November 2, 2016 By Paul Gillin 4 min read

If you want to know how important spam filters are to your online experience, try turning them off for a day. You’ll quickly see why these tools we tend to take for granted are so essential. We may not know how spam filters work, but we’re grateful that they do.

Spam volumes have been dropping in recent years, but there’s still plenty of junk out there. According to Trend Micro’s Global Spam Map, volumes exceed 400 billion messages on some days, but we almost never see spam in our inbox. Why is that?

In the cat-and-mouse game of cybersecurity, spam is one area where the good guys have kept reasonably well ahead of the bad. And the outlook for the future is bright: Machine learning could take spam filtering to a new level.

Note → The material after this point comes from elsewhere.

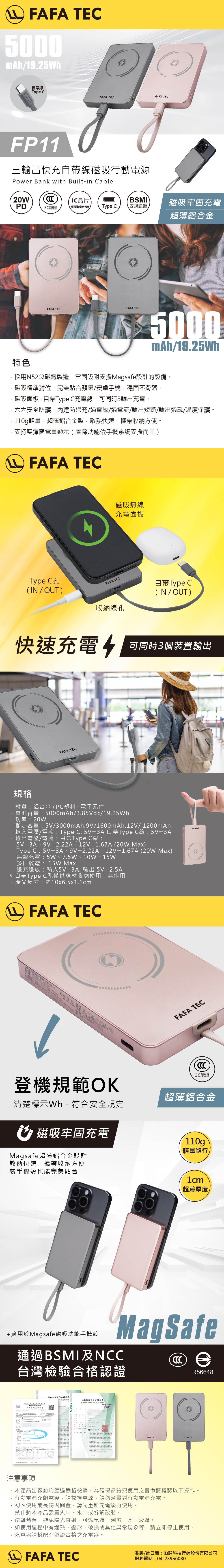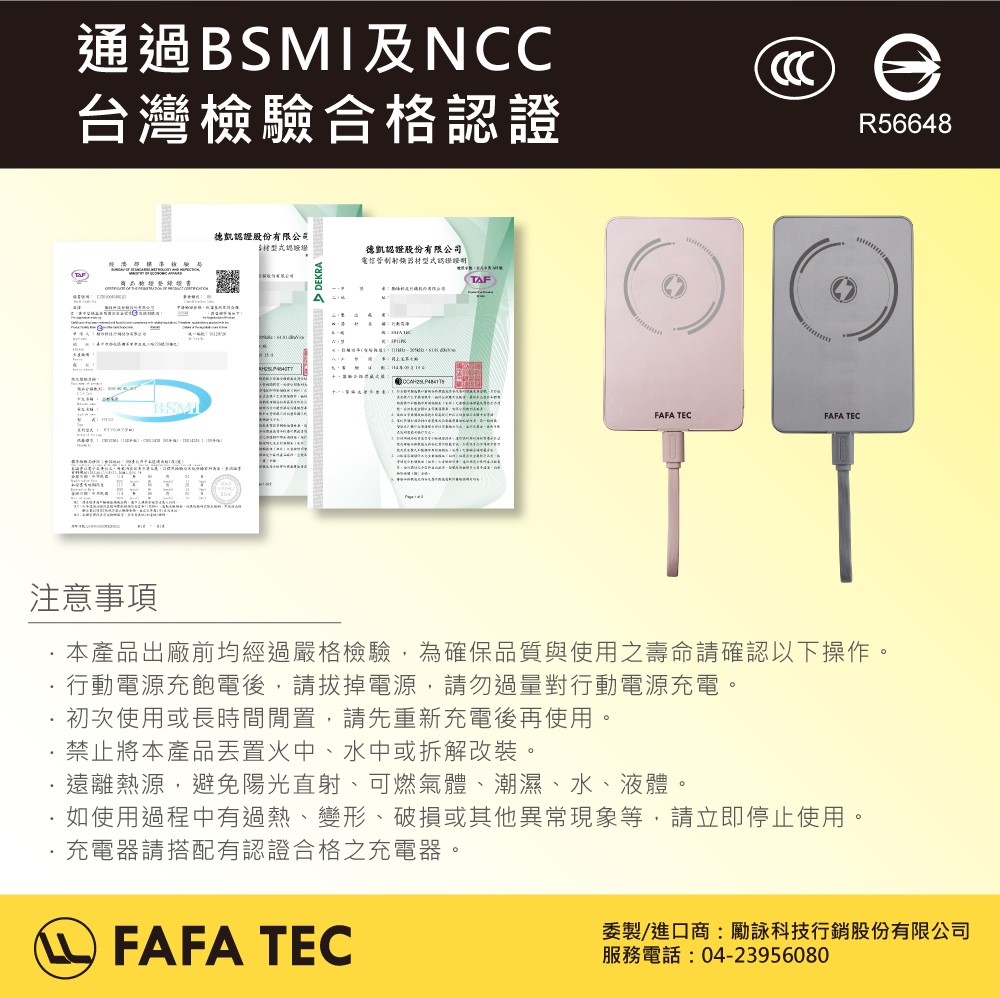 ■產品特色 BSMI認證:R56648 .採用N52釹磁鐵製造,牢固吸附支援Magsafe設計的設備。 .磁吸精準對位,完美貼合蘋果/安卓手機,穩固不滑落。 .磁吸面板+自帶Type C充電線,可同時3輸出充電。 .六大安全防護,內建防過充/過電壓/過電流/輸出短路/輸出過載/溫度保護。 .110g輕量,超薄鋁合金製,散熱快速,攜帶收納方便。 .支持雙彈窗電量顯示(實際功能依手機系統支援而異)

There are many approaches to catching spam, but they all do basically the same thing: scan header information for evidence of malice, look up senders on blacklists of known spammers and filter content for patterns that point to junk mail. The first two tasks are mostly science — the third is art.

Deciphering Header Data

Header information is that long river of text at the top of an email that you thankfully never have to see. It looks like this:

Received: by 10.107.191.69 with SMTP id p66csp1537538iof

X-Received: by 10.107.175.218 with SMTP id p87mr2784731ioo.80.1477075567036

Fri, 21 Oct 2016 11:46:07 -0700 (PDT)

Buried beneath all that gobbledygook is important information. It shows things like the IP address of every server that touched the email, date and time stamps, security signatures and other stuff you don’t need to know, but is useful in understanding where that mail came from. Spam filters look for attempts to deceive the recipient (e.g., g00gle.com instead of google.com) and compare addresses to blacklists of known spammers to automatically filter out those that match.

Blacklists

Blacklists are lists of known spammers collected by internet service providers (ISPs), email providers and server administrators. Anyone can create and publish a blacklist, but the most popular ones, such as SpamCop, Spamhaus and URIBL, have the most credibility. Publishers create these lists by monitoring spam reports from users. That’s why it’s important to label unwanted email as spam. When you do so, you’re helping to keep everyone’s mailbox pristine.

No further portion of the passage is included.